Stanley Johnson's plan to apply for a French passport was revealed in his daughter Rachel’s book Rake’s Progress: My Political Midlife Crisis when it was published in March
Credit: Facundo Arrizabalaga/EPA
Stanley Johnson has declared he will “always be a European” on the eve of Brexit, as he confirmed he had applied for a French passport.
The Prime Minister’s father said his familial ties to the Gallic nation led him to seek citizenship on the day the transition period came to an end.
He said: “If I understand it correctly, I am French. My mother was born in France, her mother was totally French as was her grandfather. So for me it is about reclaiming what I already have. And that makes me very happy.”
The environmental campaigner told French radio station RTL on Thursday: “You can’t tell the English ‘you’re not European’. Europe is more than the single market, it’s more than the European Union.
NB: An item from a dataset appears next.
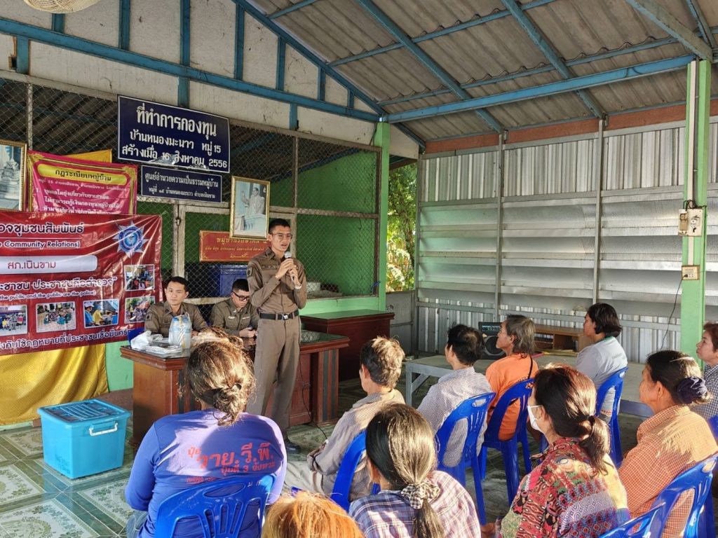 ชุดชุมชนสัมพันธ์ สภ.เนินขาม ลงพื้นที่ค้นหาแกนนำหมู่บ้านเป้าหมายได้พบผู้นำชุมชน พี่น้องประชาชนคณะกรรมการหมู่บ้านและได้มีโอกาสสร้างความคุ้นเคยจุดประกายความคิดในเรื่องการแก้ไขปัญหาในชุมชน (25 ธ.ค. 67) 25 ธันวาคม 2024 โดย admin.nk / ข่าวฝากประชาสัมพันธ์ วันนี้ 25 ธันวาคม 2567 เวลา 16.30 น. ชุดชุมชนสัมพันธ์ ลงพื้นที่ค้นหาแกนนำหมู่บ้านเป้าหมายได้พบผู้นำชุมชน พี่น้องประชาชนคณะกรรมการหมู่บ้านและได้มีโอกาสสร้างความคุ้นเคยจุดประกายความคิดในเรื่องการแก้ไขปัญหาในชุมชน และได้ลงพื้นที่ตรวจเยี่ยมศึกษาพื้นฐานของชุมชนสนทนาวิเคราะห์ปัญหาเรื่องกลุ่มเด็กวัยรุ่นแข่งรถในทาง,ปัญหายาเสพติดต่างๆ เพื่อที่ชุดปฏิบัติการและผู้นำชุมชนพี่น้องประชาชนจะได้กำหนดโครงการและนำกิจกรรมไปสู่การปฏิบัติในหมู่บ้านต่อไป พร้อมทั้งได้แจกแผ่นประชาสัมพันธ์การป้องกันอาชญากรรมและเบอร์แจ้งเหตุฉุกเฉินต่างๆ ณ หมู่บ้านหนองมะนาวหมู่ที่ 15 ตำบลเนินขาม อำเภอเนินขาม จังหวัดชัยนาท

“That said, to have a link like that with the EU is important,” he concluded, in an apparent reference to his passport application.
His mother, known in the family as Granny Butter, claimed to come from an ancient line of French nobility.
Her own mother’s maiden name was de Pfeffel, which was adopted as one of Boris Johnson’s middle names.
The Prime Minister and his siblings spent part of their childhood in Brussels as their father worked for the European Commission.
Mr Johnson senior was also the Tory MEP for Wight and Hampshire East from 1979 to 1984.
A source close to the family suggested Mr Johnson had applied so that his grandchildren could live and work in the EU after Brexit.
His plan to apply for a French passport was revealed in his daughter Rachel Johnson’s book Rake’s Progress: My Political Midlife Crisis when it was published in March.
Ms Johnson wrote that her father was “en route to becoming a French citizen, as his mother had been born in Versailles and his grandmother had been in Paris”.
“This is good news – I might be able to become French too,” she added.
Mr Johnson senior has been mulling over the application for some time. Asked about the suggestion in November 2019, he said it was a “nice thought”.